Football Queensland
- Season: 2017

= 2017 in Queensland soccer =

The 2017 Football Queensland season was the fifth season since NPL Queensland commenced as the top tier of Queensland men’s football. Below NPL Queensland was a regional structure of ten zones with their own leagues. The strongest of the zones was Football Brisbane with its senior men’s competition consisting of five divisions.

The NPL Queensland premiers qualified for the National Premier Leagues finals series, competing with the other state federation champions in a final knockout tournament to decide the National Premier Leagues Champion for 2017.

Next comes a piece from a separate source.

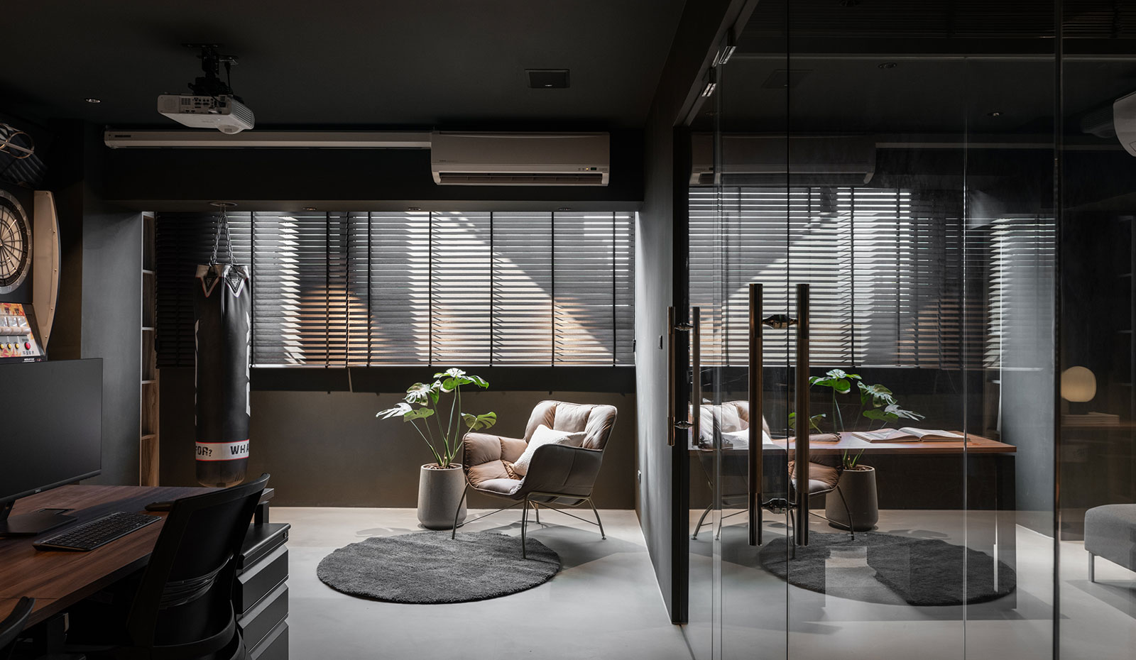 Considering the proprietor’s appetite for relaxation, this design seamlessly connects the living room, dining room, and study, revealing an inviting and spacious communal space. Cleverly exploiting blinds to filter natural light and strategically placing a sphere lamp on the floor, the arrangement gently cultivates a soothing ambiance via its illumination. Combined with the sleek and clear-off furnishing, it embodies the essence of a cozy home, dissipating the weariness of everyday life.

On 8 December 2016 Football Queensland announced the commencement in 2018 of a 14 team second competition beneath a 14 team NPL Queensland, with promotion and relegation between the two tiers. The 28 clubs selected to participate in NPL Queensland and the FQPL were initially announced on 29 May 2017. The final list of clubs offered licences was made of 3 August 2017, with 12 clubs from Football Brisbane competitions (10 BPL and 2 CL1) to join the Football Queensland leagues in 2018. As a result, on 4 August 2017 Football Brisbane announced the restructure of its men's league for the 2018 season, with most clubs effectively moving up one division.

==Men's League Tables==

===2017 National Premier League Queensland===

The National Premier League Queensland 2017 season was played over 22 matches, followed by a finals series.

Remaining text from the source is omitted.